DD is daily whether she likes it or not its part of her bedtime routine
We do want to teach them a good hygiene routine - not a neurotic one. I think it is a bit over the top to say that a child who only washes twice a week is a 'minger' - if I can't smell her when I hug her, or lie next to her in bed to say good night, I really don't think others can.
Teach your kids a good hygiene routine, absolutely. Suggest that anyone who doesn't bath or shower on a daily basis is "lazy and slovenly", absolutely ridiculous! The notion of showering every day is a very modern phenomenon. After all, it's only in the last few decades that it's become the norm for houses to be built with showers, and up until the 70s there were lots of houses in this country without an indoor bathroom. Human beings vary, and that includes a degree of variation on how long they can go between baths or showers without getting whiffy and how quickly their hair will start to look greasy. How you spend your day is obviously also going to have a bearing on things.
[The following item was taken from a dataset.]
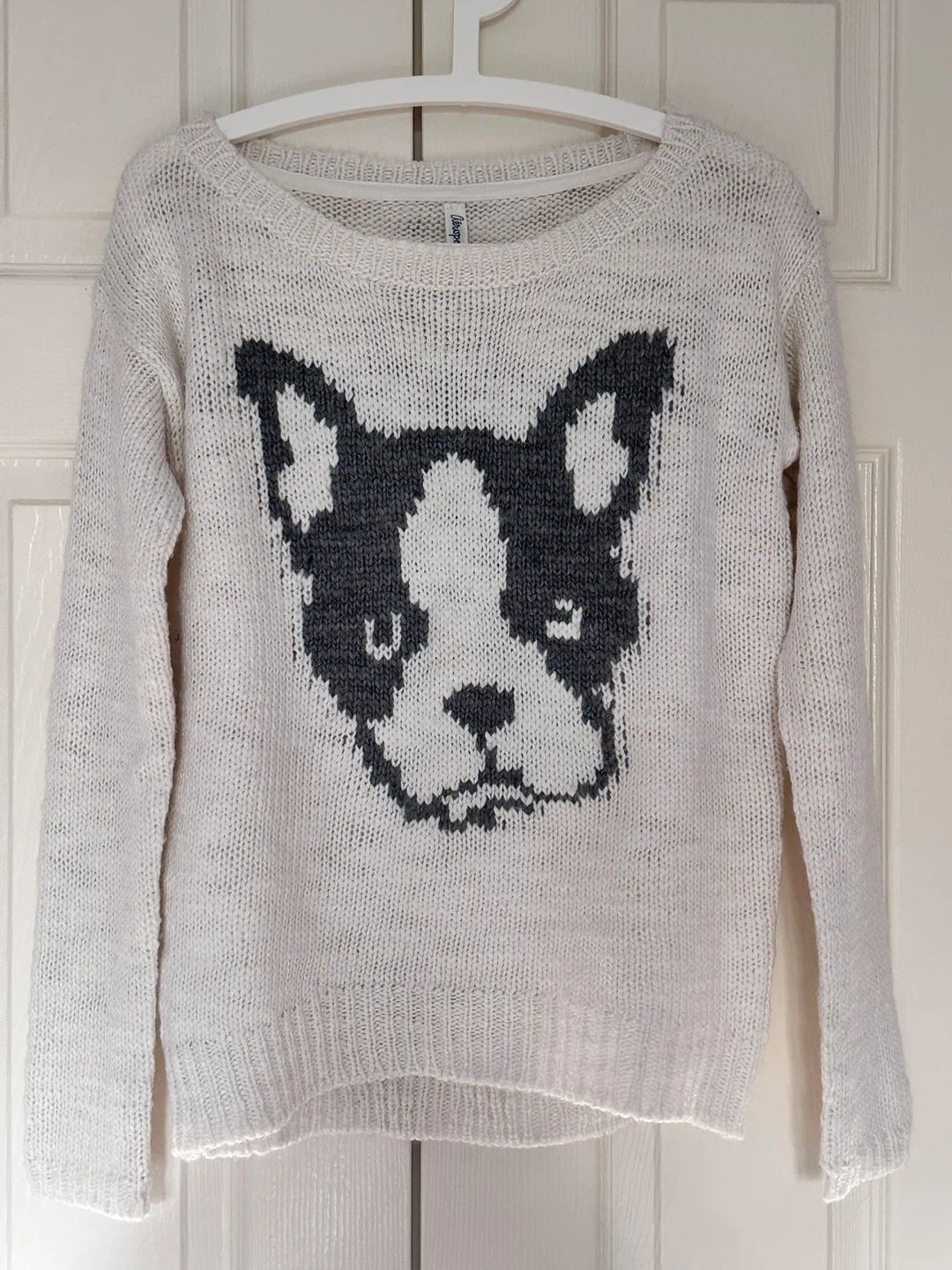 Cozy cream-coloured sweater from Aeropostale! It features a cute grey dog print on the front. Perfect for staying warm and stylish on cooler days. Tagged a size XS but fits oversized so suitable for S to M.

When will it 'click' though?
DH showers daily, I'm terrible, I shower twice a day or I'm not happy.
Mornings and then after work, the DCs now this, we set a good example, we tell them ad nausem - why don't they bloody shower??
Daily, and tbh I think anyone who thinks its acceptable to only wash twice a week is a minger. You probably are convinced you dont smell but sorry to break it to you, you most likely do!
Its not OTT to wash daily, it really isnt, its lazy and slovenly not to. Body parts naturally sweat and smell over a normal day, its perfectly natural but thats why soap was invented, Do your kid a favour and teach them a good hygiene routine, their friends and future partner will thank you;)
My DD is a real soap dodger but I leave the house before she's up so can't drag her into the shower.
I make sure she has a bath at the weekend.
DD washes her hair every time she showers - the new shower is in the ceiling so hard not to.
Til bathroom was done last month she shpwered every other day due to logistics.
DD is 10y and in Y6. She now has a shower most days - just Fridays she sometimes misses out due to organisation stuff and having to get out quickly that morning. If no shower she has a flannel/wet wipes to do the key parts
I posted the same question at another parenting forum about a 11 years old stepdaughter with long hair should at least shower 3-4 times a day and i was bombarded as unreasonable. So that was me thinking i came from a different culture so the concept doesn't apply here. And the reason i insisted she should shower more often because she always showed up at ours during weekend with greasy and smelly hair and at one point she has nits problem because of the long hair. She still refused to shower at ours claiming the kids organic shampoo is not good for her hair and other Timotei shampoo makes her scalp itch. (She said she only use the shampoo her mom made which is adding some lemon oil into a cheap shampoo from morrisons). She didnt have one since previous weekend and she promised she would shower at her mom's. Then she showed up last weekend with the same greasy hair. We texted the mom and she said she didnt have a shower all week because they just moved into a new house and there are boxes in the shower. I was shocked, She didnt have a shower for 2 weeks. No wonder the smell.....I am speechless
Currently with DD1 (11) it's 2-3 times a week, but only if I force her, otherwise she is a definite soap-dodger. She is a long way from puberty, although she is starting to need deodorant.
I think she is washing enough for a pre-teen, but I do need to start ramping it up so she gets into the habit of daily washing. The main problem is the queue for the bathroom - DS (13) is the polar opposite of his sister and spends hours in there.
I was just like her when I was 11, but I was at boarding school, so there was no-one to monitor my washing habits. Eventually it was peer pressure that forced me into the bathroom!